Minin, Kirill A., Zhmurov, Artem, Marx, Kenneth A., Purohit, Prashant K., Barsegov, Valeri
Journal of the American Chemical Society 2017 v.139 no.45 pp. 16168-16177
biocompatible materials, chemotaxis, fibrin, myosin, phase transition, phenylalanine, plastic deformation, plasticity, polypeptides, strength (mechanics), topology, vimentin
We carried out dynamic force manipulations in silico on a variety of coiled-coil protein fragments from myosin, chemotaxis receptor, vimentin, fibrin, and phenylalanine zippers that vary in size and topology of their α-helical packing.
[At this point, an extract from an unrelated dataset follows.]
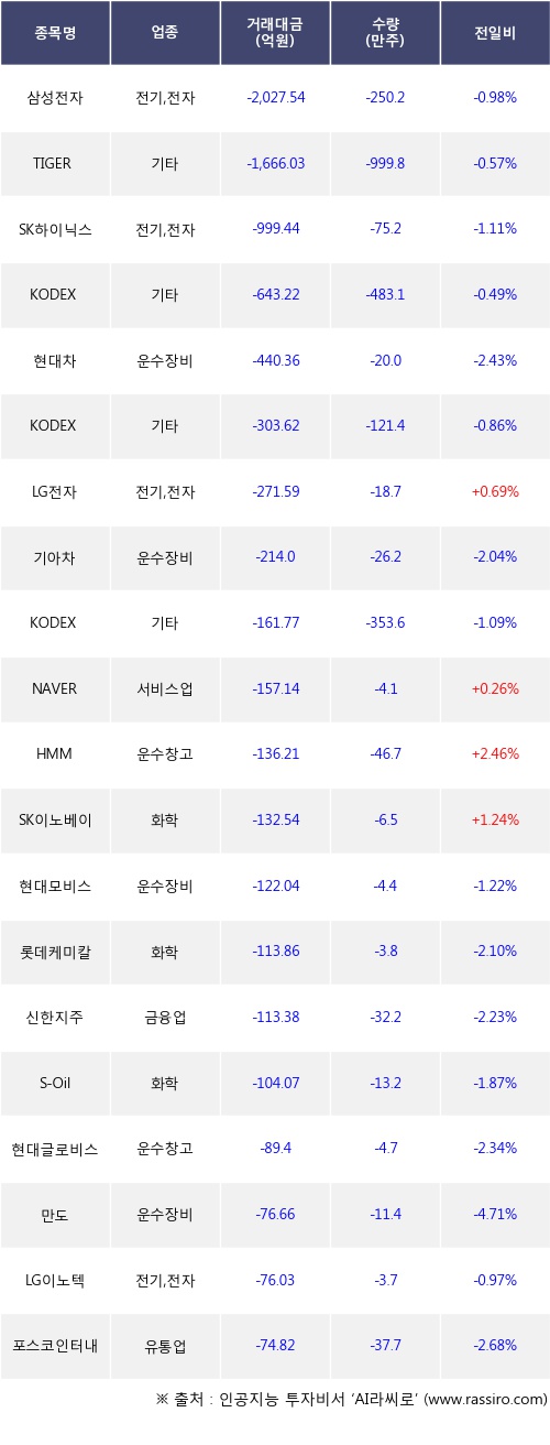 기관 투자자의 순매도 상위 20개 종목은 삼성전자, TIGER MSCI Korea TR, SK하이닉스, KODEX 200TR, 현대차, KODEX 레버리지, LG전자, 기아차, KODEX 코스닥150선물인버스, NAVER등이다.

When stretched along the superhelical axis, all superhelices show elastic, plastic, and inelastic elongation regimes and undergo a dynamic transition from the α-helices to the β-sheets, which marks the onset of plastic deformation. Using the Abeyaratne-Knowles formulation of phase transitions, we developed a new theoretical methodology to model mechanical and kinetic properties of protein coiled-coils under mechanical nonequilibrium conditions and to map out their energy landscapes. The theory was successfully validated by comparing the simulated and theoretical force-strain spectra. We derived the scaling laws for the elastic force and the force for α-to-β transition, which can be used to understand natural proteins’ properties as well as to rationally design novel biomaterials of required mechanical strength with desired balance between stiffness and plasticity.